I was so upset and mad at myself because I somehow missed this in her brushing session, so I sat on the couch with her ALL night and detangled those awful mats. I am so happy they came out!!!
Good Luck!!!!!!!!!!!! and I hope Fendi has more patience than Luci because she was SOO mad at me!!


----------



## Elly B. (Oct 27, 2006)

One other thing: I had decent results with adding more detangler whenever the ears dried out. His ears were kind of slimy and oily with the stuff by the time i was done, we had to wash them again, but I think that was better than pulling.


----------



## wagirl98665 (Jan 5, 2006)

> Fendi's ears are really matted right at the skin (but it's not matted where it is visible) I should have caught it sooner, but I think somehow as she's being groomed, I must have not brushed her ears well enough. Is there anything I can do? At this point I can't think of anything except shaving the matted parts of ears... but boy, she'll be a strange looking Maltese. Is there anything else I can do?[/B]



Maybe clipping really close rather then shaving if you can. Yikes!!
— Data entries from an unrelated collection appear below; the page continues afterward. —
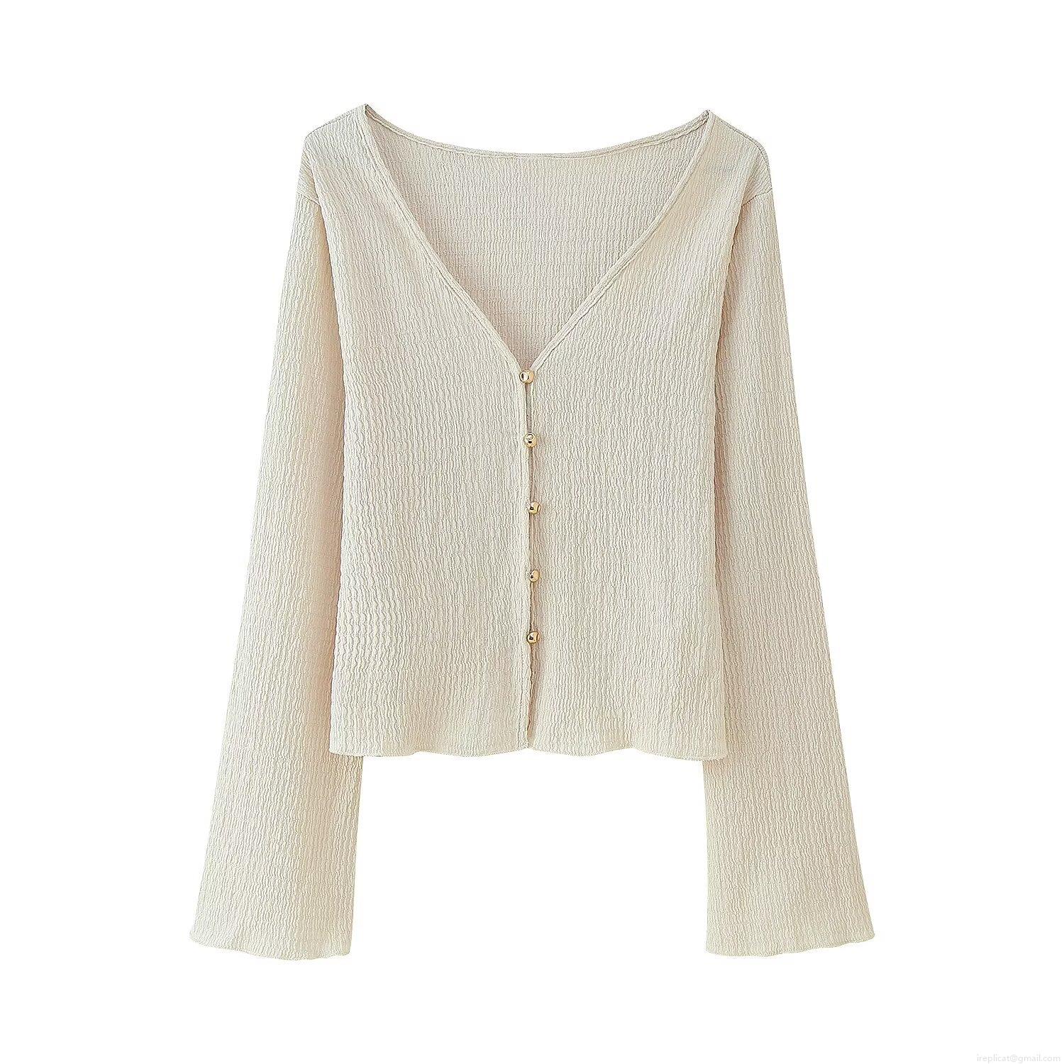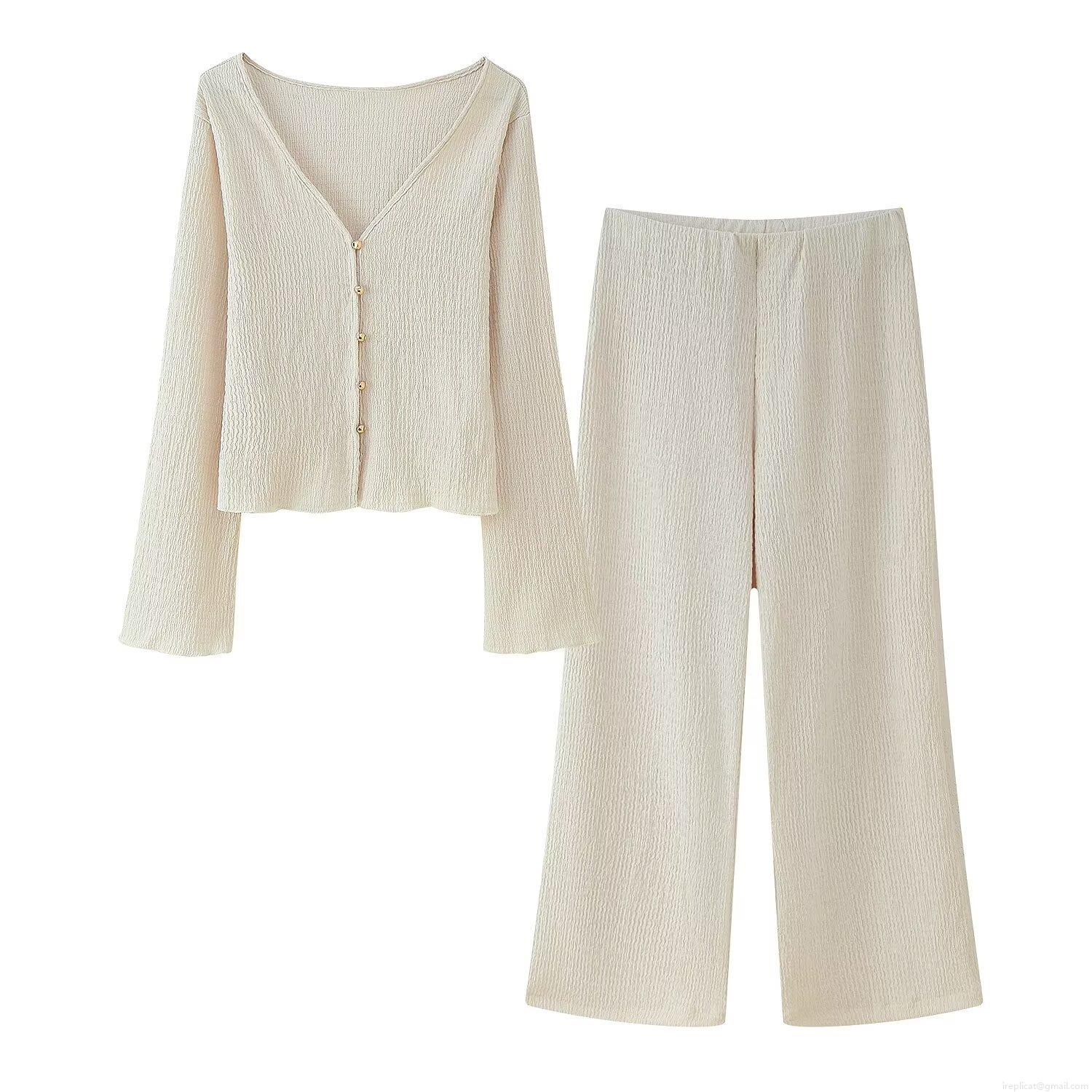 • Women's 2 Piece Outfits V-Neck Long Sleeve Single-Breasted Plisse Cardigan and Wide Leg Pants Set Solid Color Casual Streetwear Clothing Sets
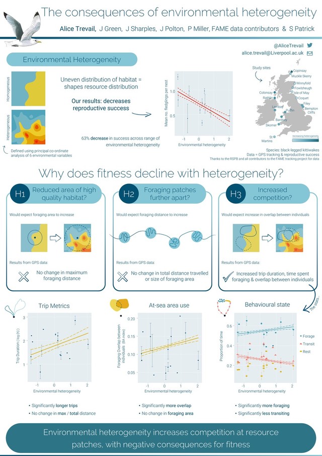Poster, awarded with 1st prize, from the annual meeting of the ACCE Doctoral Training Partnership, on my research of the effects of environmental heterogeneity on foraging behaviour and reproductive success
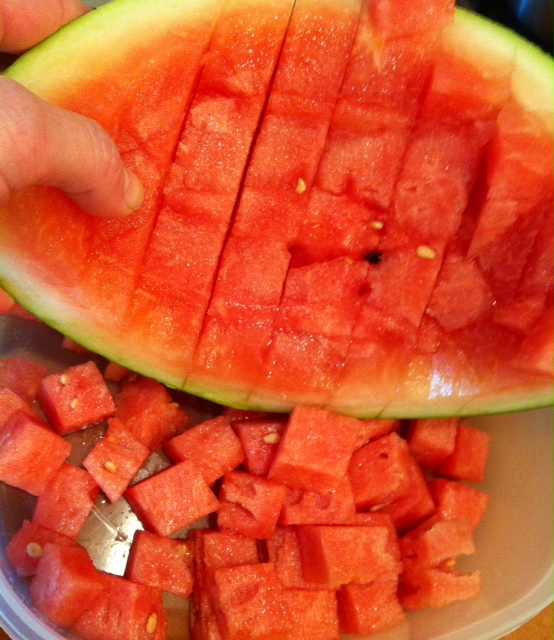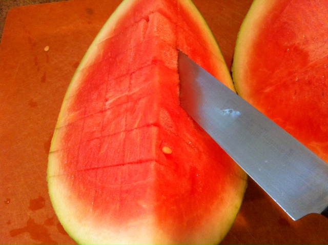 Now make 1″ incisions down through the whole watermelon quarter being careful not to cut too far into the rind. Turn the watermelon 90 degrees. Turn your knife on its side and make incisions 1″ apart through one side then turn and make the same incisions down through the other side.
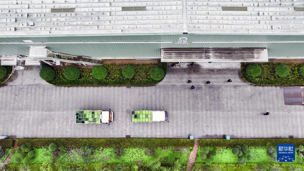 10月11日,滿載油橄欖的車輛駛入隴南市武都區一家油橄欖加工企業(無人機照片)。
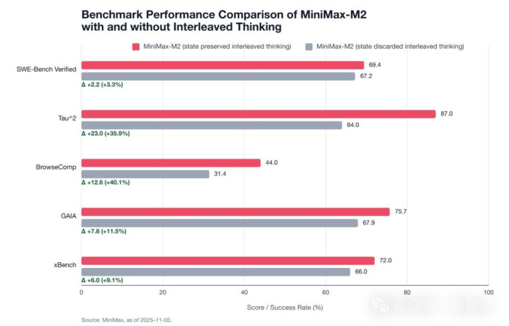 MiniMax M2的发布数据中,有一组数据有劲诠释了这一机制的成果。
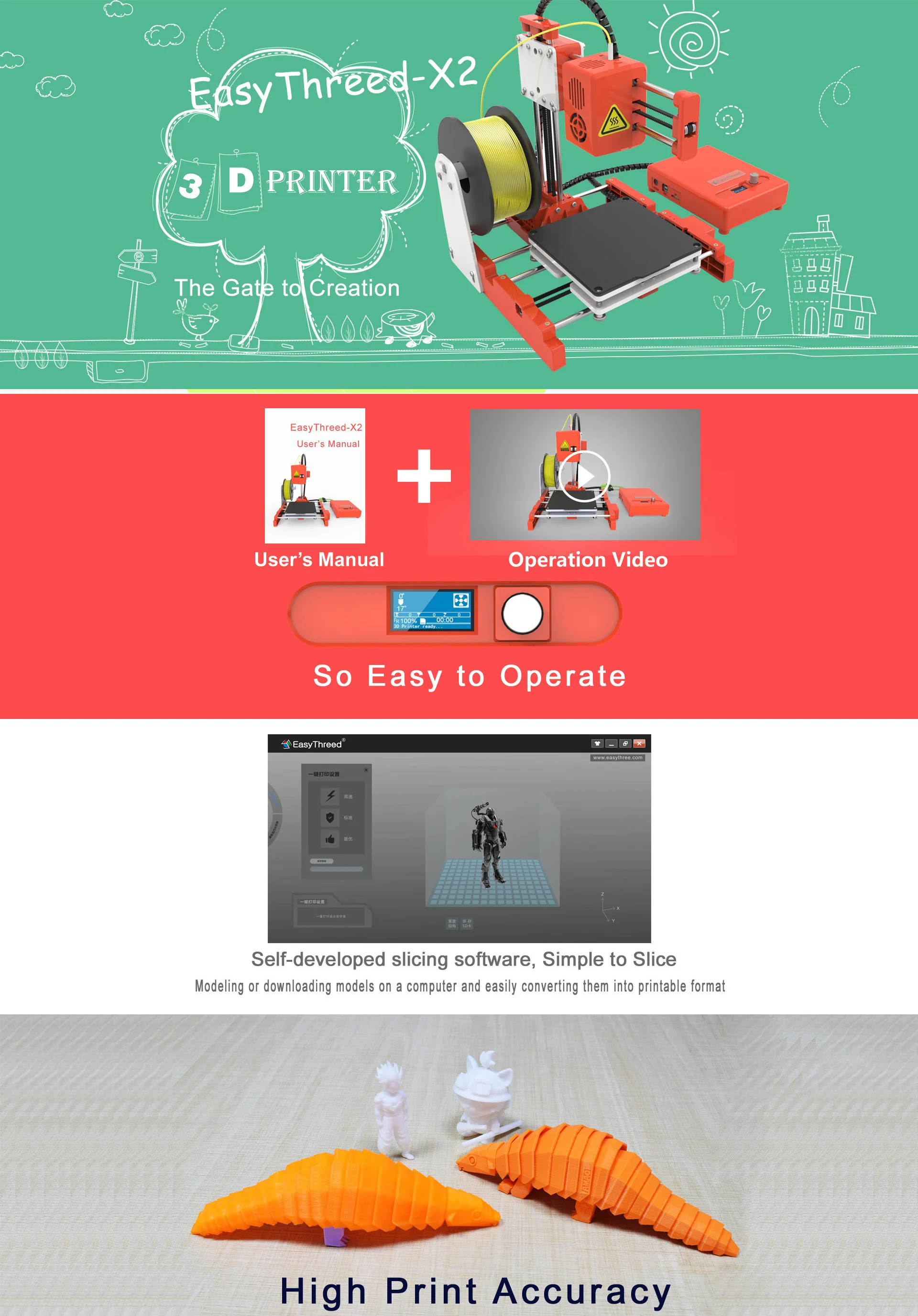 Операционное видео: https://youtu.be/BMuH3oylF18Easythreed X2 мини 3D принтер для начинающих бытовой игрушки образования студентов ЖК-экран управления маленький 3D принтерОписание:3D принтер Easythreed X2 является потребительским 3D принтером. Он поставляется с собственным программным обеспечением для нарезки (Easyware), которое было специально изготовлено и имеет уникальную функцию автоматического нарезки, основанную на ваших предпочтениях времени и качества. Особенности:-Очень светильник, носить и ходить. Очень тихий. Сертификат: CE,FCC,RoHs-Супер Простота установки, простота в эксплуатации и удобство.-Подходит для домашнего парового образования или DIY любителей.-Для детей и семей, поэтому я печатаю только нить PLA safefy ..Спецификация продукта:Название модели: X2Бренд: EasythreedТехнология печати: FDMАвтоматическое выравнивание кровати: нетРазмер здания: 100x100x100ммКоличество сопла: 1Сопло Диаметр: 0,4 ммТолщина слоя: 0,05-0,3 ммНить для печати: PLAДиаметр нити: 1,75 ммТочность печати: 0,1-0,2 ммГорячая кровать: нетПрограммное обеспечение для резки: Easyware, CURA,Simplify3DТемпература экструдера: 180-230 ℃Скорость печати: 10-40 мм/сек.Формат Fila: Вход:.Stl/obj, выход:.gcodeМощность: 12 В, 30 ВтРазмер машины: 205*210*245 ммРазмер подарочной коробки: 140*260*260 ммМашина Вес брутто: 2,0 кгВес нетто: 1,3 кгСтроительная Платформа: съемнаяПоддержка ОС: Windows XP/7/8/10 (32 бит/64 бит)Подключение к печати: tf-карта, usb-кабель, WifiПромышленные Сертификаты: CE, FCC, RoHS

I'm thinking that maybe you could completely soak the matts in conditioner and just pick away at getting them out. Good luck!


----------



## Joey's Mom2 (Aug 24, 2004)

> Wow I know what you mean!!!!
> About a month ago I was giving Luci her daily grooming session, and all of a sudden as I was brushing her ears, my brush got caught. So, I started touching it with my fingers, and
> 
> 
> ...


Yes...that's EXACTLY how I discovered her mats. I was mad at myself too because her coat is growing out so beautifully! It took me a couple hours, but I managed to get her mats out (not without a couple snips here and there, though







). I sure learned my lesson...and I'm never going to forget to brush those ears again!!


----------



## bellaratamaltese (May 24, 2006)

I've had that happen too, they will come out if you work at them. I use The Stuff or Vellus detangler (with silicon) to get the bad ones out but you have to bathe them right after or you'll ahve coat breakage. Altho that may not matter to you, but I was dealing with show coats. I seperate with the end of a rattail comb, which seems to work pretty well. Good luck!!


----------



## patsan (Mar 2, 2006)

A little bit of corn starch is great for working out the mats too.


----------